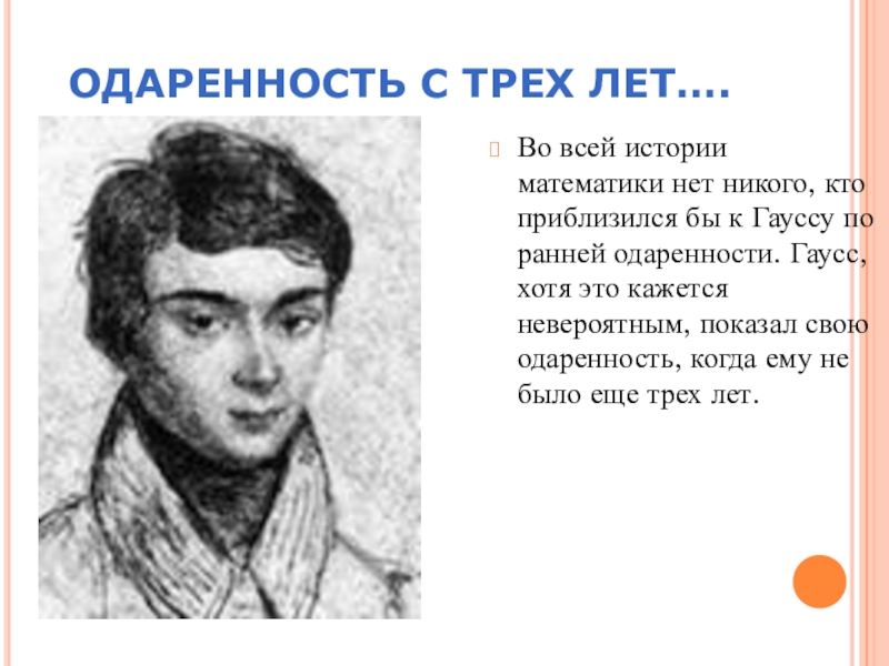 бы к Гауссу по ранней одаренности. Гаусс, хотя это кажется невероятным, показал свою одаренность, когда ему не было еще трех лет.
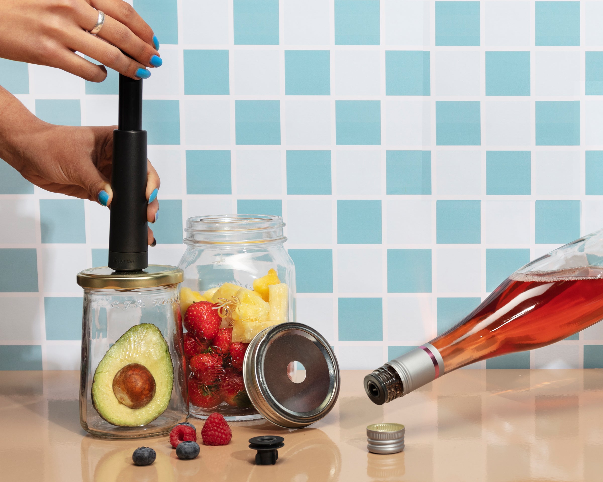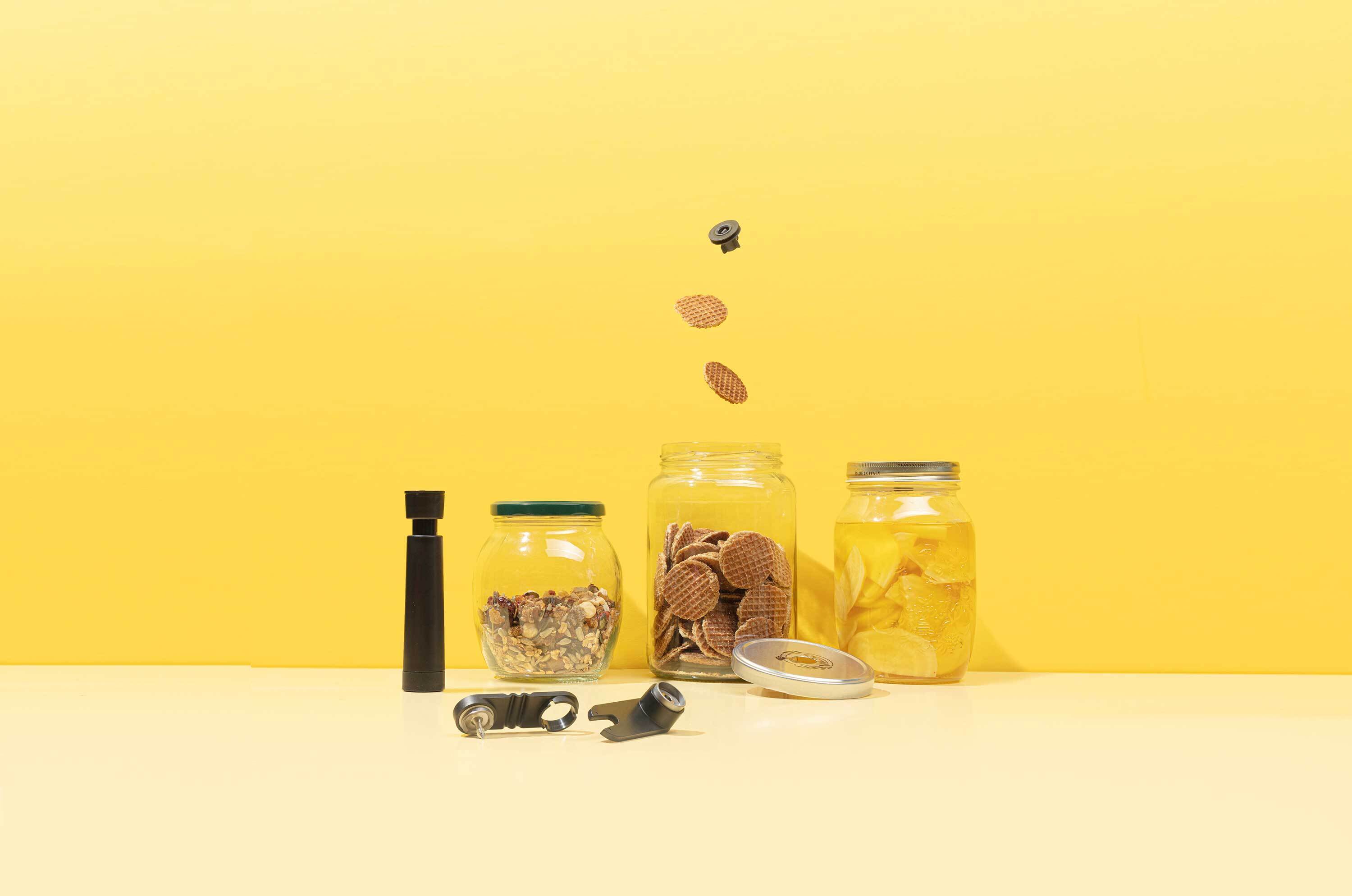 エアテンダーの真空ツールを使えば、付属のパンチで金属製のふたに素早く、安全に穴を開けることができ、自分専用の真空容器が完成します。
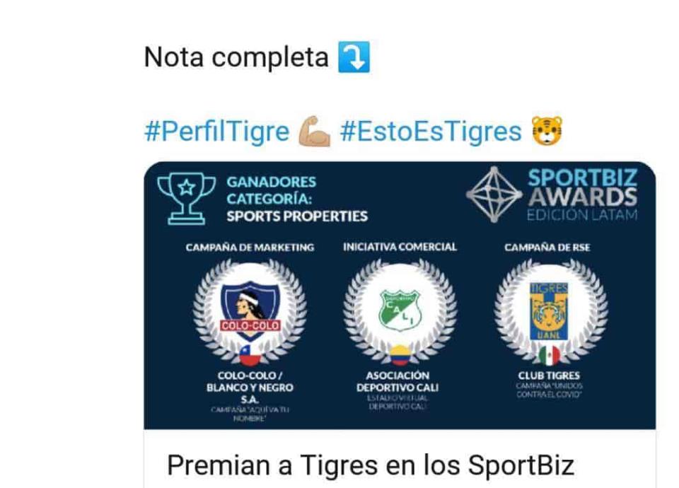 Tigres superó a clubes como el Flamengo de Brasil, Racing Club de Avellaneda, Fernández Vial de Chile y el Córdoba ATP Open de Argentina, siendo los felinos los elegidos por un jurado conformado por prestigiosos profesionales y por votación de la gente por redes sociales.
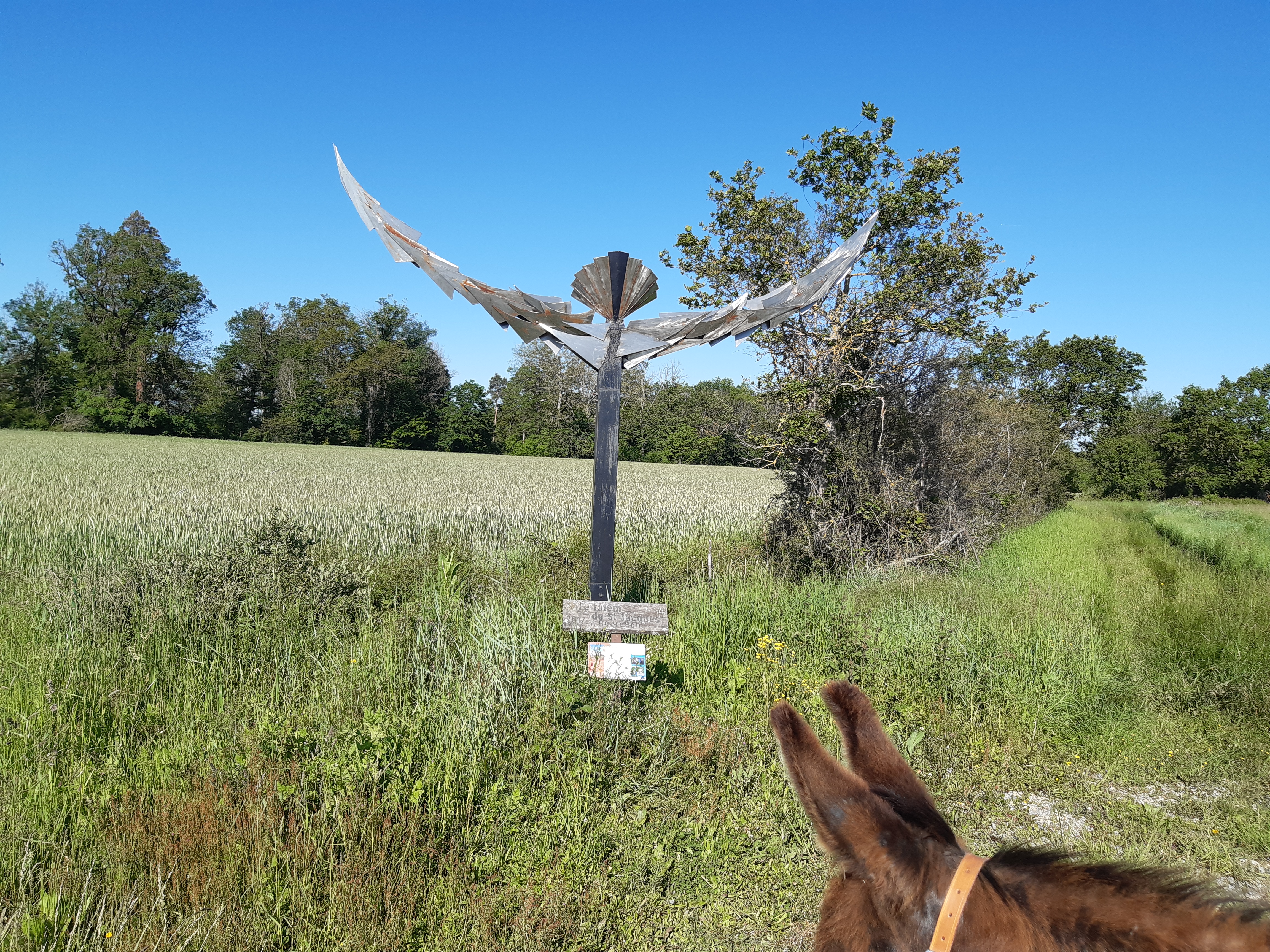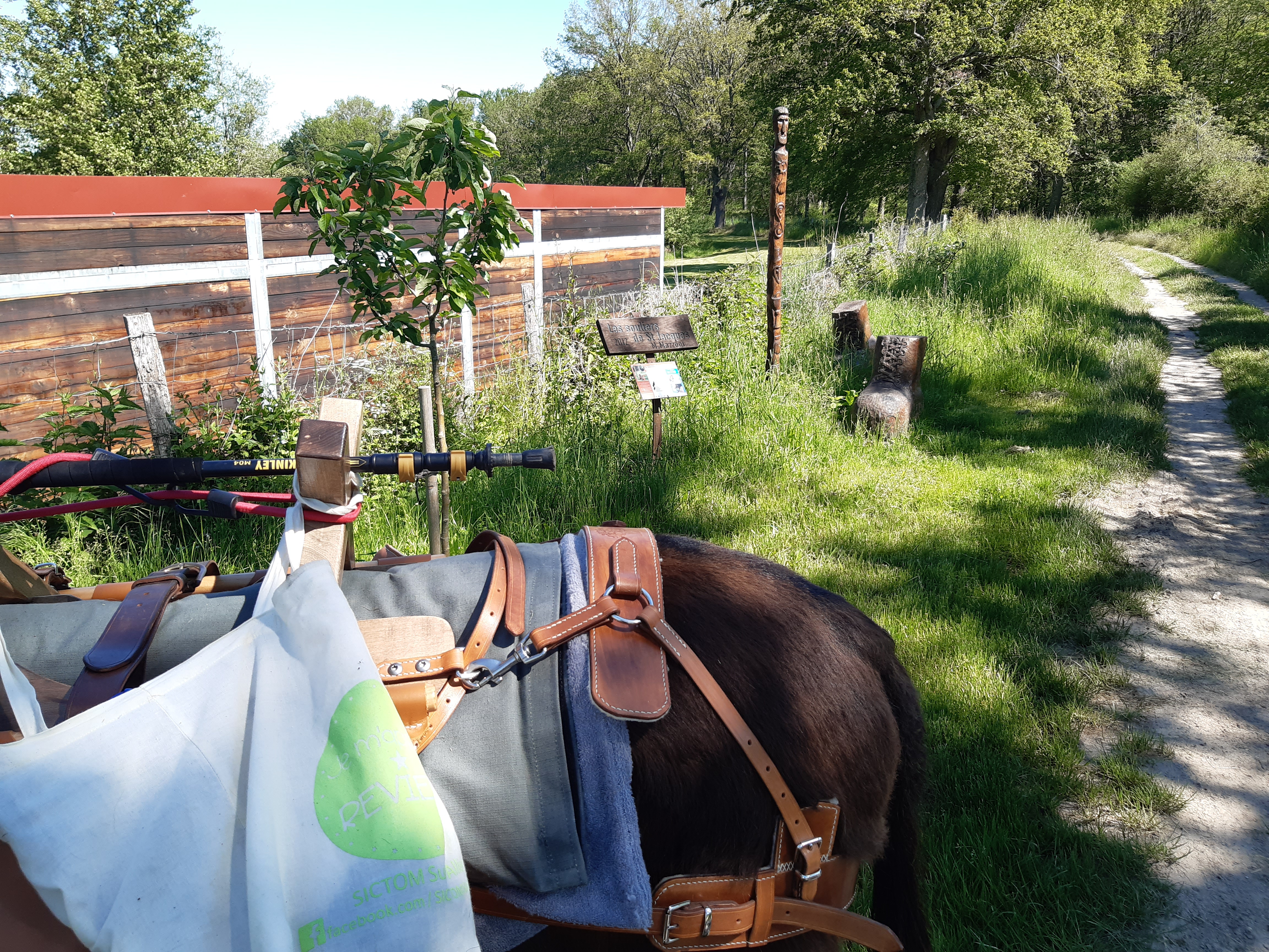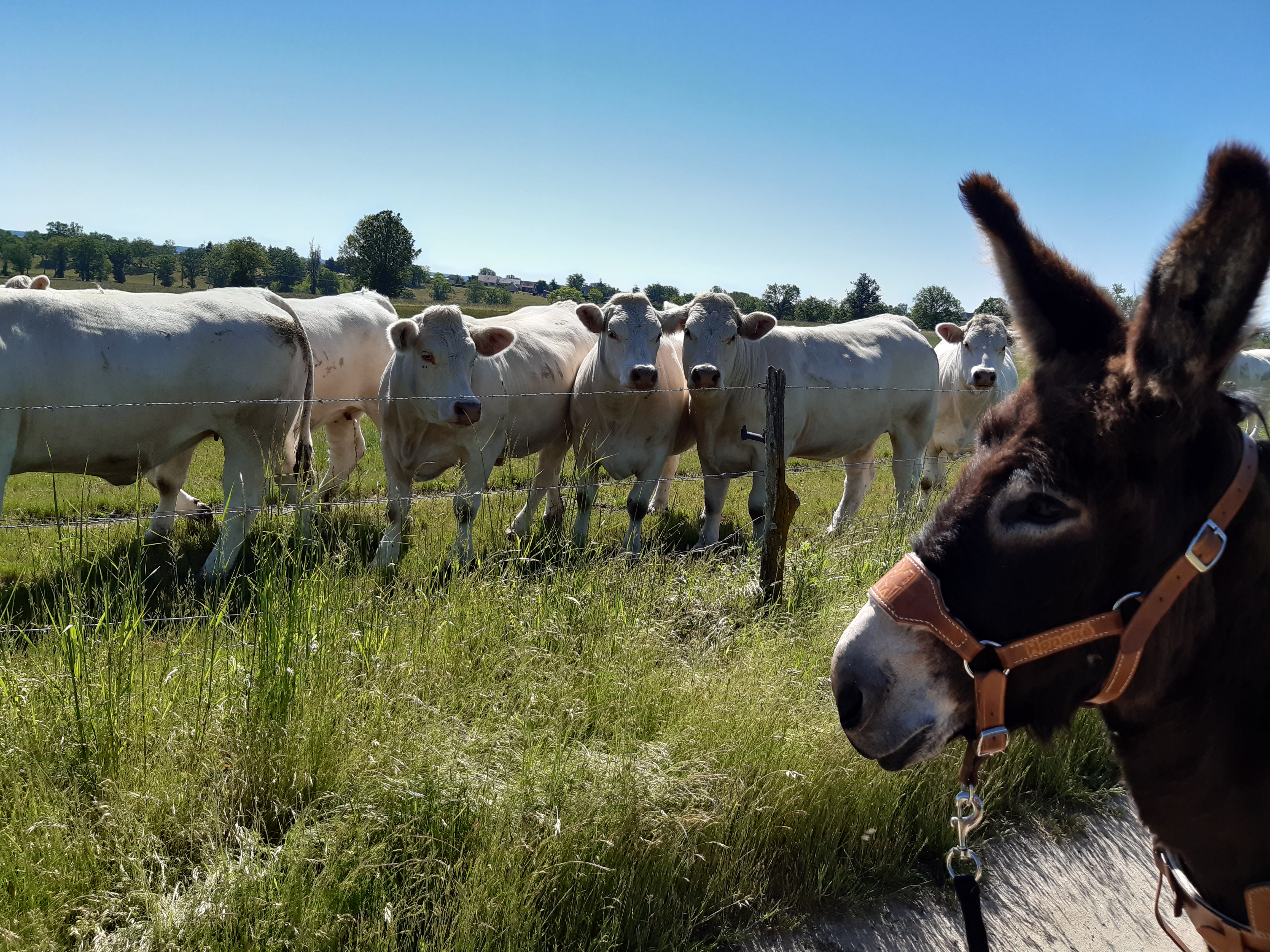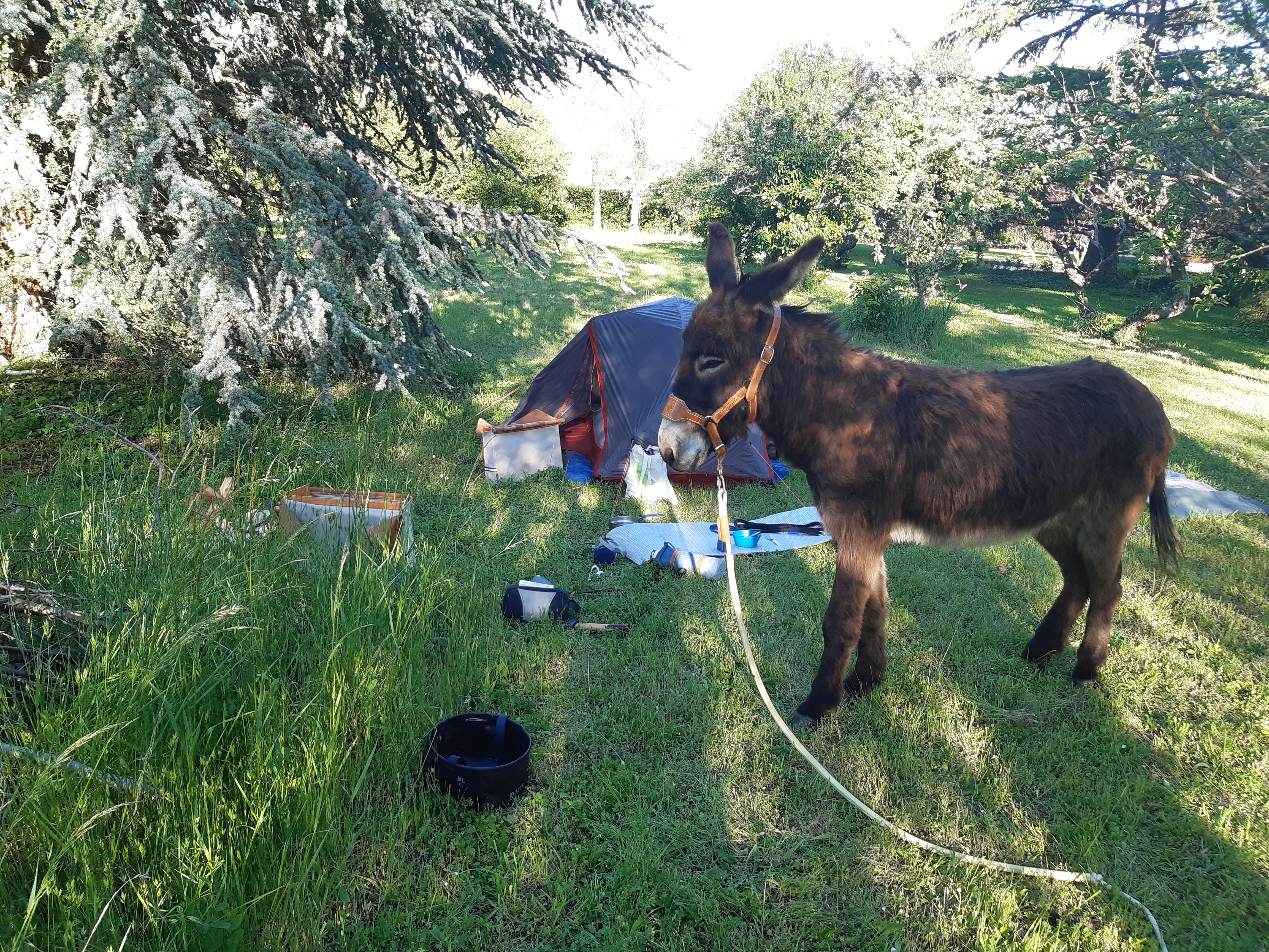 La traversée de Souvigny s’est super bien passée. J’ai même pu m’arrêter à la pharmacie, Honoré attaché devant qui m’attendait sagement. Il était l’attraction du village et nous avons été interpellés de nombreuses fois. Le chemin nous a ensuite réservé une surprise incroyable. Je m’arrête demander de l’eau et un lieu de bivouac à un couple dans son jardin, la dame, ne pouvant pas m’accueillir, va demander à son voisin. Quand je regarde chez le voisin, je reconnais un nom qui m’est familier sur le camion. Là, un type sort. Et ho stupeur, c’est Fabien que j’ai connu tout petit et que j’emmenais à la pêche quand il venait en vacances chez sa sœur Valérie, amie d’enfance, et en plus, à l’époque, collègue de travail et voisine. Tant de souvenirs remontent. Du coup je suis invité à l’apéro et même à dîner, soirée téléphone et émotions avec Valérie, Fabien me présente sa charmante petite famille. C’est magique, incroyable, émouvant. Wahou ! Merci Fabien bises et à bientôt 😉. Départ difficile du coup le lendemain matin, mais je suis tout près de Saint Menoux, je vais passer faire quelques petits coucous au marché et bien sûr à D’Âmes Nature (https://www.d-ames-nature.com/) Là encore Honoré attire tous les regards de bienveillance. Bruno, mon ancien voisin de marché, m’offre un fromage, Céline de D’âmes Nature, une nouvelle pierre pour Honoré. Merci pour toute cette bienveillance. Mais Honoré n’est pas très motivé aujourd’hui. Je le sens fatigué et moi aussi. Alors j’appelle Corinne et lui demande si je peux bivouaquer 1 ou 2 jours sur sa ferme. Et c’est donc parti pour deux jours de woofing à « coucou le jardin de l’essentiel ». Encore de belles rencontres et deux jolis dessins offerts par la petite voisine de la ferme de Corinne, Adélie qui a 7 ans et qui a fait le portrait de « lane ». Merci Adélie pour cette gentille attention. Merci à Corinne et son homme pour l’accueil, la cueillette des Bleuets… un séjour réparateur. Décidément ce chemin réserve bien des surprises.
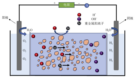 1 电动修复技术原理及局限性 1.1 电动修复技术原理电动修复即通过电场的作用将重金属迁移富集至电极附近,随后去除,实现重金属与土壤分离的技术手段[11]。试验装置如图 1所示,使用两个相反的电极,即阳极和阴极,随后施加一定的电压梯度,由此产生强电流密度,驱动重金属活化,促使电场中的重金属污染物迁移至与其带相反电荷的电极附近,在相关电极附近积聚,以达到被去除或进一步回收[12]。污染物的迁移是由电迁移、电渗流、电泳决定的,对于土壤重金属修复,通常是通过电迁移和电渗流作用向阴极移动[13]。

= = = = =

# How to complete this task
From the material above, print everything exactly except the pictures.

# Your solution
 бы к Гауссу по ранней одаренности. Гаусс, хотя это кажется невероятным, показал свою одаренность, когда ему не было еще трех лет.
 エアテンダーの真空ツールを使えば、付属のパンチで金属製のふたに素早く、安全に穴を開けることができ、自分専用の真空容器が完成します。
 Tigres superó a clubes como el Flamengo de Brasil, Racing Club de Avellaneda, Fernández Vial de Chile y el Córdoba ATP Open de Argentina, siendo los felinos los elegidos por un jurado conformado por prestigiosos profesionales y por votación de la gente por redes sociales.
 La traversée de Souvigny s’est super bien passée. J’ai même pu m’arrêter à la pharmacie, Honoré attaché devant qui m’attendait sagement. Il était l’attraction du village et nous avons été interpellés de nombreuses fois. Le chemin nous a ensuite réservé une surprise incroyable. Je m’arrête demander de l’eau et un lieu de bivouac à un couple dans son jardin, la dame, ne pouvant pas m’accueillir, va demander à son voisin. Quand je regarde chez le voisin, je reconnais un nom qui m’est familier sur le camion. Là, un type sort. Et ho stupeur, c’est Fabien que j’ai connu tout petit et que j’emmenais à la pêche quand il venait en vacances chez sa sœur Valérie, amie d’enfance, et en plus, à l’époque, collègue de travail et voisine. Tant de souvenirs remontent. Du coup je suis invité à l’apéro et même à dîner, soirée téléphone et émotions avec Valérie, Fabien me présente sa charmante petite famille. C’est magique, incroyable, émouvant. Wahou ! Merci Fabien bises et à bientôt 😉. Départ difficile du coup le lendemain matin, mais je suis tout près de Saint Menoux, je vais passer faire quelques petits coucous au marché et bien sûr à D’Âmes Nature (https://www.d-ames-nature.com/) Là encore Honoré attire tous les regards de bienveillance. Bruno, mon ancien voisin de marché, m’offre un fromage, Céline de D’âmes Nature, une nouvelle pierre pour Honoré. Merci pour toute cette bienveillance. Mais Honoré n’est pas très motivé aujourd’hui. Je le sens fatigué et moi aussi. Alors j’appelle Corinne et lui demande si je peux bivouaquer 1 ou 2 jours sur sa ferme. Et c’est donc parti pour deux jours de woofing à « coucou le jardin de l’essentiel ». Encore de belles rencontres et deux jolis dessins offerts par la petite voisine de la ferme de Corinne, Adélie qui a 7 ans et qui a fait le portrait de « lane ». Merci Adélie pour cette gentille attention. Merci à Corinne et son homme pour l’accueil, la cueillette des Bleuets… un séjour réparateur. Décidément ce chemin réserve bien des surprises.
 1 电动修复技术原理及局限性 1.1 电动修复技术原理电动修复即通过电场的作用将重金属迁移富集至电极附近,随后去除,实现重金属与土壤分离的技术手段[11]。试验装置如图 1所示,使用两个相反的电极,即阳极和阴极,随后施加一定的电压梯度,由此产生强电流密度,驱动重金属活化,促使电场中的重金属污染物迁移至与其带相反电荷的电极附近,在相关电极附近积聚,以达到被去除或进一步回收[12]。污染物的迁移是由电迁移、电渗流、电泳决定的,对于土壤重金属修复,通常是通过电迁移和电渗流作用向阴极移动[13]。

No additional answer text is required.